The prevalence of mechanical complications, with radiologic and clinical manifestations, after surgery for adult spinal deformities is reported to be 30%, and more than 50% of these patients undergo revision surgery for treatment. (8) Soroceanu et al. reported that radiographic and implant-related complications accounted for 31.7%, and in 52.6% of these complications, reoperation for mechanical correction was required. (9) There are many aspects of ASD surgery with notable variability, including the occurrence of complications and outcomes. (10) GAPB is a system that is used to predict mechanical complications that occur after ASD surgery, including both patient-specific and radiological factors. (6) In this study, we constructed a model to predict mechanical complications after ASD surgery using GAPB factors.
Recently, several studies using deep learning algorithms, such as random forest, gradient boosting, and neural networks, have been conducted for the spine. (11) Yagi et al. created a post-surgical complication prediction model for ASD surgery in adults using spinal alignment, demographic data, and surgical invasiveness; 170 participants were enrolled in this study.

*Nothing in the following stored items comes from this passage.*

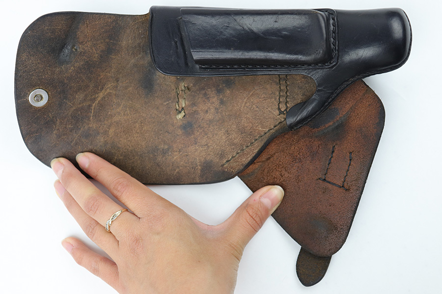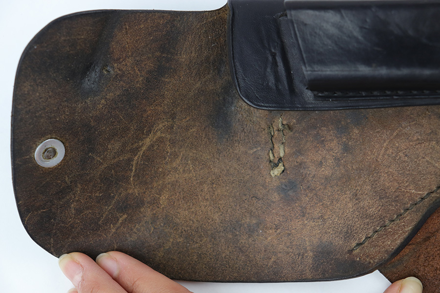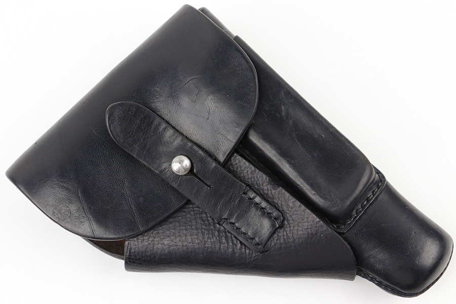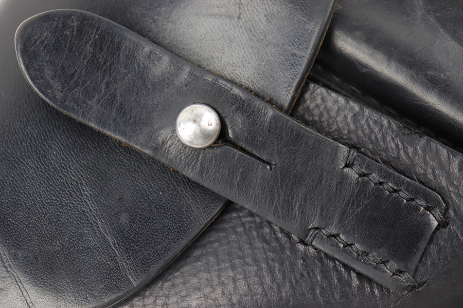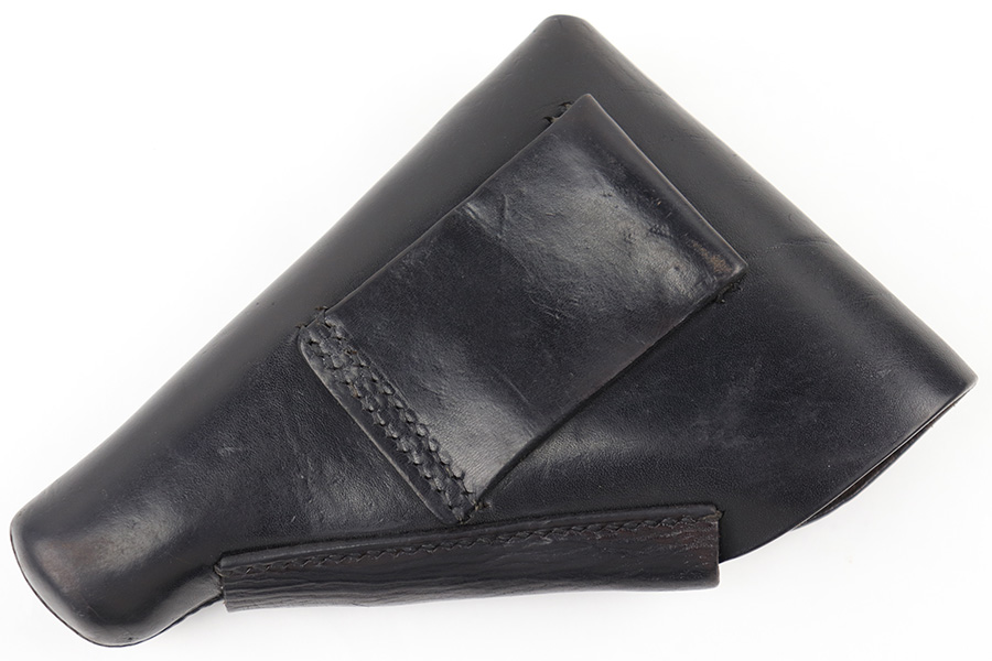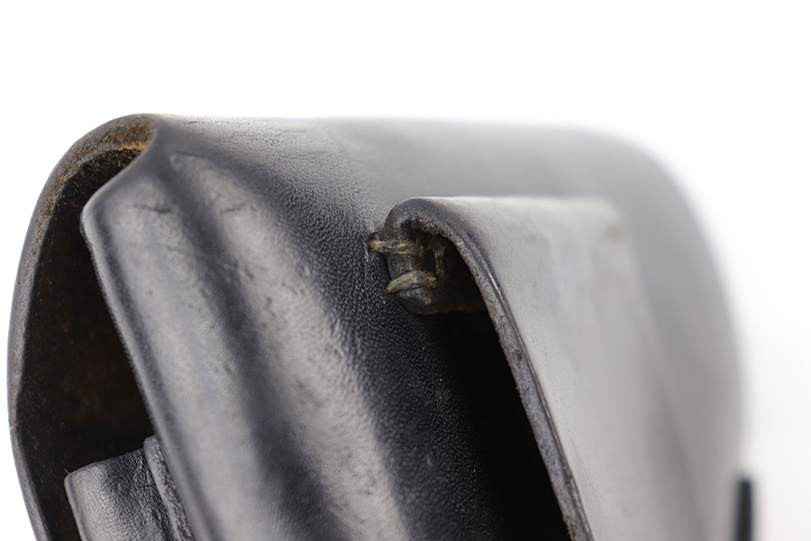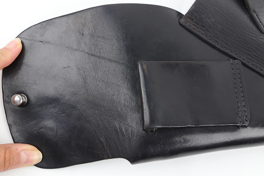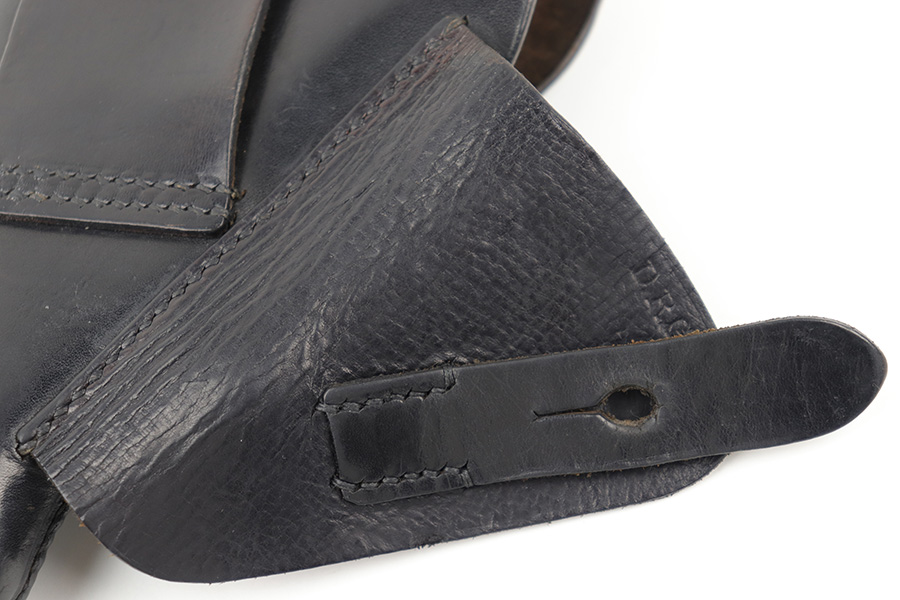 5/8/23 – This is an original WW2 production AKAH Walther PPK holster. The holster is in very good overall condition with all original leather. The stitching is all original as well, except for the top of the belt loop, which appears to have some period-correct added / repaired stitching. This is minor and doesn’t affect functionality of the holster. The rest of the stitching is tight. Maker stamped under the closure strap and has normal aging and use wear throughout.
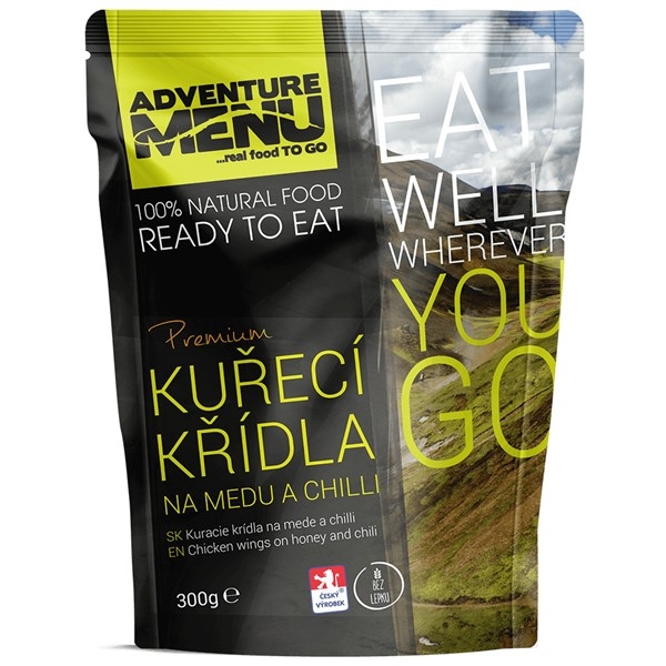 Křídla jsme zbavili konců bez masa, a tak v sáčku naleznete jen to nejlepší kuřecí, naložené přes noc v medu a kouscích chilli. Poté jsou křídla upečena hezky do zlatova, tak jak to máte rádi. Po prvním zakousnutí se vámi prožene nejprve příjemný sladký medový pocit, který hned vystřídá jemně pálivý vánek chilli. Křehké kuřecí kousky se vám budou rozpadat na jazyku a vy budete litovat, že jich je v sáčku jen pět.
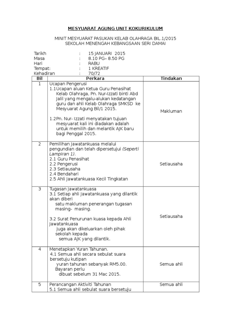 Koleksi Contoh Minit Mesyuarat Agung Tahunan Persatuan Download Contoh Skripsi Pertanian
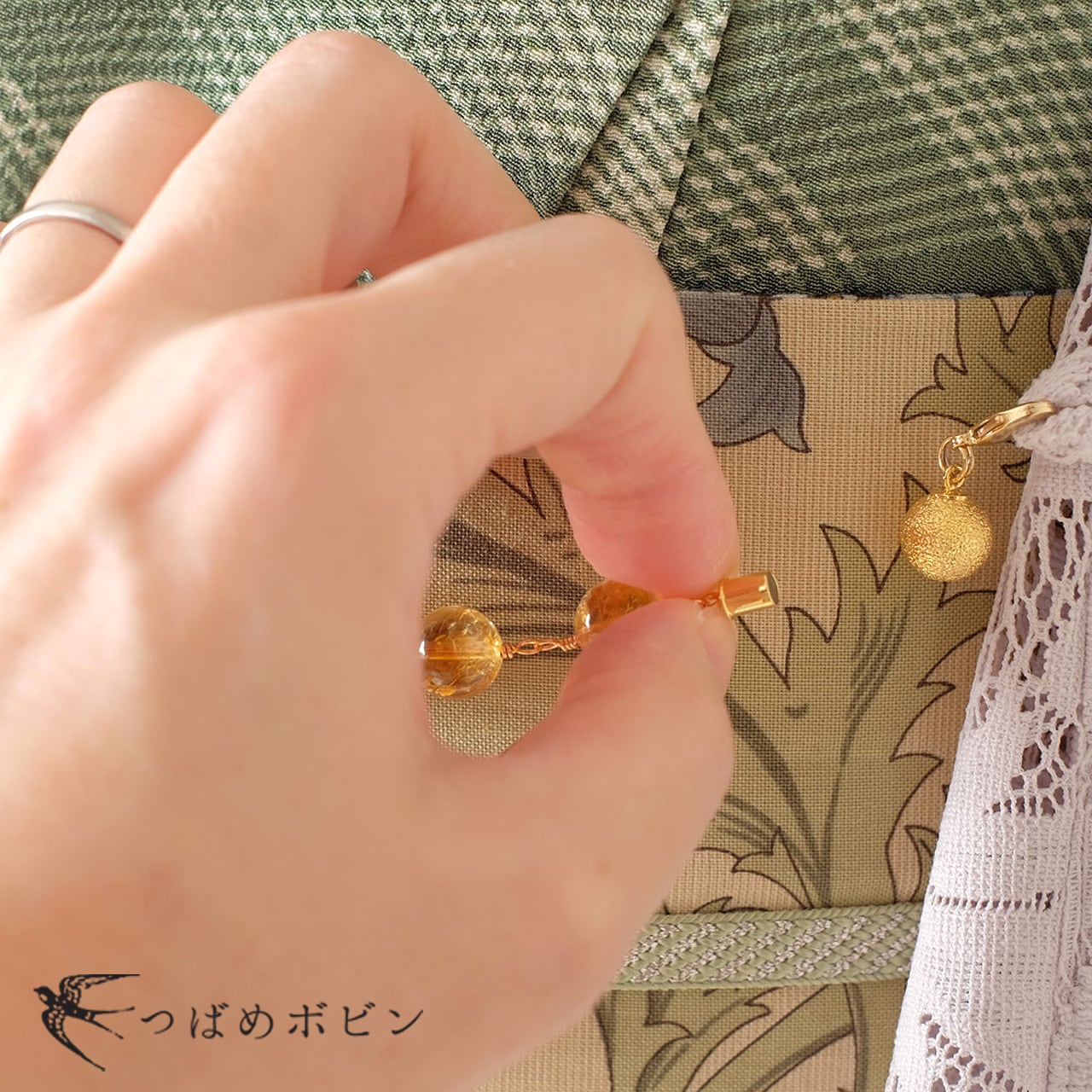 一般的に、マグネット付き羽織紐のマグネットは真ん中にあることが多いですが、つばめボビンのマグネット羽織紐は、あえてマグネットを端に配することで、淡水パールの美しい連なりを邪魔することなく着脱しやすくしています。
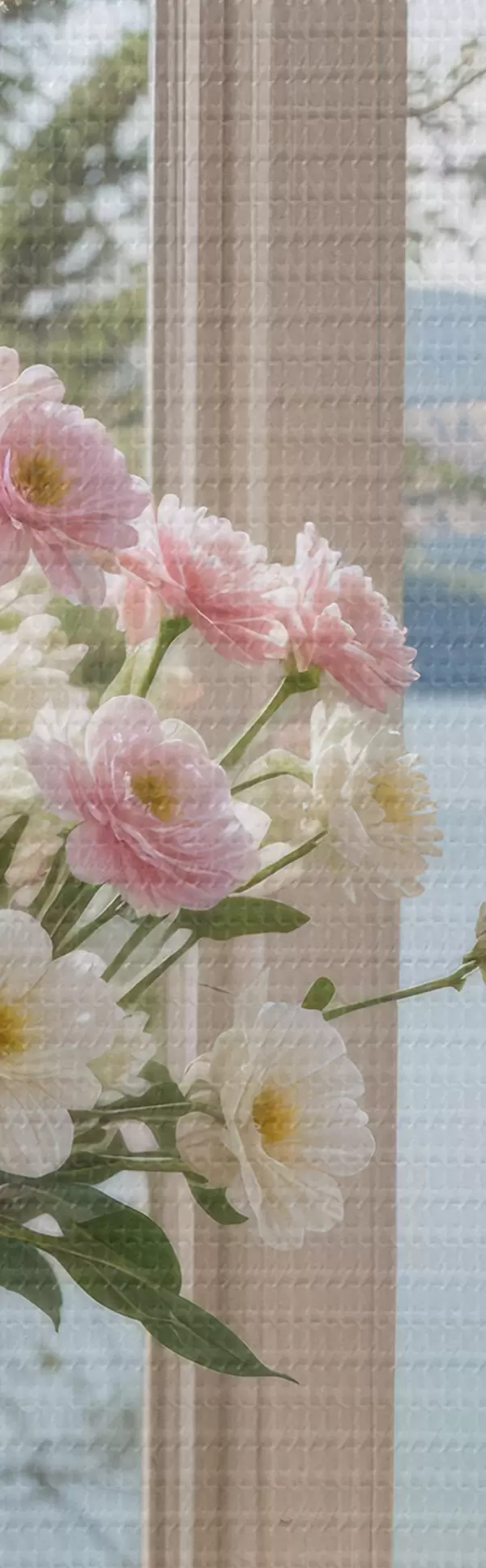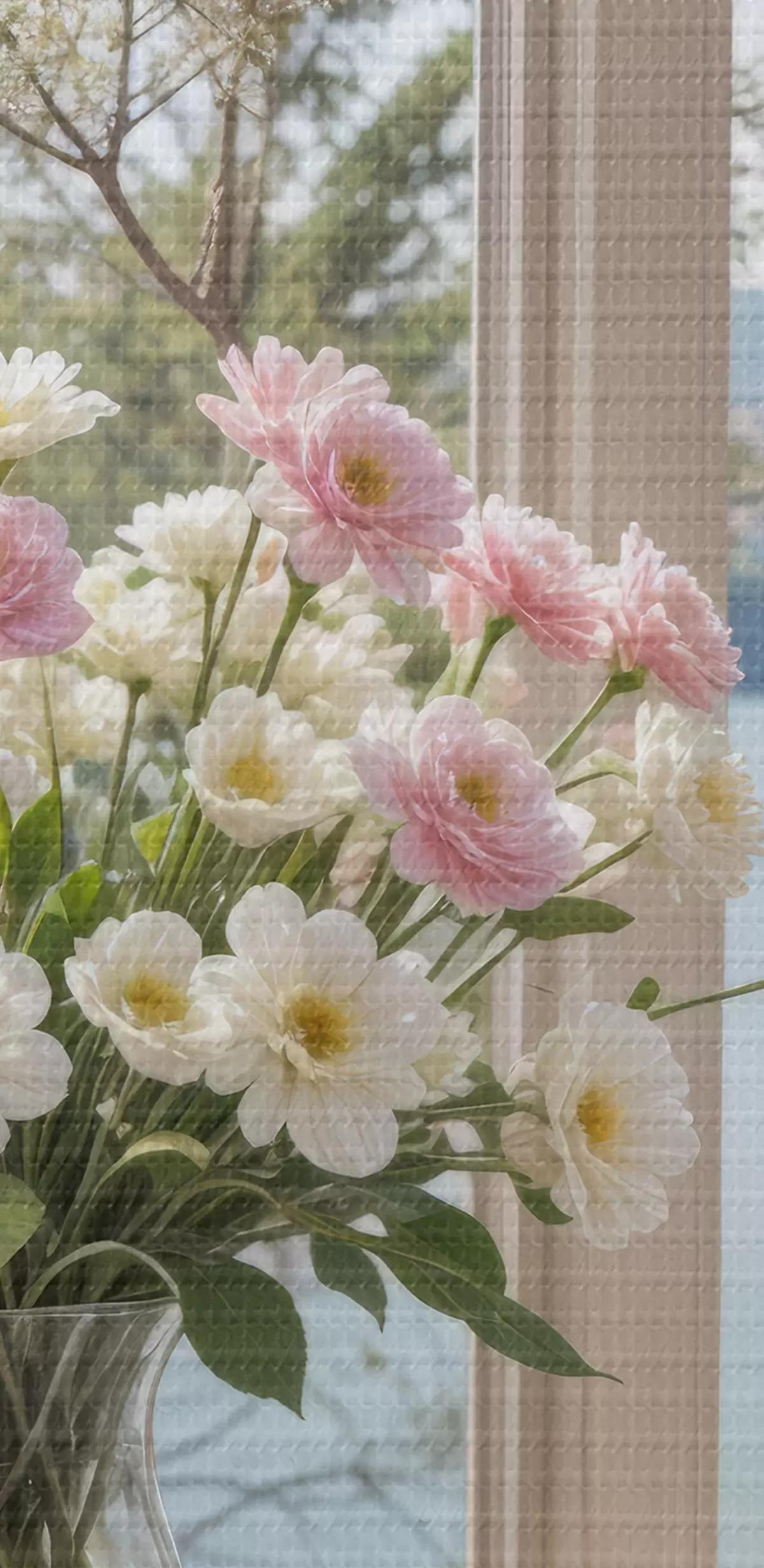 Tableaux rondes Un bouquet de fleurs roses et blanches dans un vase en verre placé sur un rebord de fenêtre, avec un lac et des montagnes pittoresques r40151

A decision tree for 2-year postoperative complications was constructed and confirmed by splitting data in a 7:3 ratio for training and testing, (12) with the external validation of 25 ASD patients who underwent surgery at different hospitals. (12) For the test sample, the predictive model was 92% accurate, the AUC was 0.963, and the external validation was 84% accurate.
Lafage created a machine learning model to determine the upper vertebra in ASD surgery. (13) The samples were stratified into three groups: 70% for training, 15% for validation, and 15% for performance testing. A neural network model was used, and the results showed an accuracy of 81.0%, precision of 87.5%, and recall of 87.5%.
Pellise et al. created a model to predict the incidence of adverse events after ASD surgery using a random forest model. (14) The model was trained using 80% of the data for the training set and 20% for the test set and showed adequate predictive accuracy, with AUCs ranging from 0.67 to 0.92. (14) Durand et al. created a model for predicting blood transfusion following surgery for adult spinal deformities. (15) A total of 1029 patients were analyzed and divided into datasets for training (n = 824) and validation (n = 205). The random forest model showed an AUC of 0.85 (95% confidence interval 0.80–0.90) and was reported to show better predictive ability than single-decision tree models. (15) Ames et al. created a model to predict the cost of surgery for ASD. The regression tree and random forest models were used to predict the occurrence of treatment costs exceeding $100,000. (16) The results of the regression tree analysis using CTREE resulted in an adjusted R2 value of 56% at 90 days and 35.6% at 2 years of direct cost forecasting. Random C-forest regression analysis showed an adjusted R2 value of 57.4% at 90 days and 28.8% at 2 years of direct cost forecasts. Peng et al. created a model to predict proximal junctional kyphosis after surgery in adolescent patients with idiopathic scoliosis. (17) The random forest has great value for predicting the individual risk of developing proximal junctional kyphosis after long instrumentation and fusion surgery in patients with Lenke 5 adolescent idiopathic scoliosis. Jain created a model to predict discharge delay, medical complications, and readmission within 90 days after long-segment posterior lumbar spine fusion surgery (18) using logistic regression, random forest, and elastic net.
In our study, we created a model to predict the mechanical complications that occur after ASD surgery. We used logistic regression, gradient boosting, random forest, and deep neural networks. Important factors were BMD, BMI, relative lumbar lordosis score, lordosis distribution index score, and relative sagittal alignment score. The patients were randomly divided into training (70%) and test (30%) datasets. In the training set, the AUC for random forest was 1.000 and the accuracy was 1.000. In the test set, the AUC for random forest was 0.81 and the accuracy was 0.732. Random forest achieved the best predictive performance on the training and test dataset.
This study has several limitations. Because our models were built using retrospective data, future efforts to update these models are required. Additionally, the reasons for mechanical complications after ASD correction are multifactorial. Many factors affect the outcome of surgery, including the surgical method, upper level instrumentation, muscle mass, and various underlying conditions. These factors were excluded when the model was created.
However, the GAPB system is helpful in predicting mechanical complications after ASD surgery. (6) Noh et al. reported that the GAPB system was more meaningful in the moderately disproportioned and severely disproportioned GAP groups. We believe that it will be helpful to develop models that predict mechanical complications through machine learning.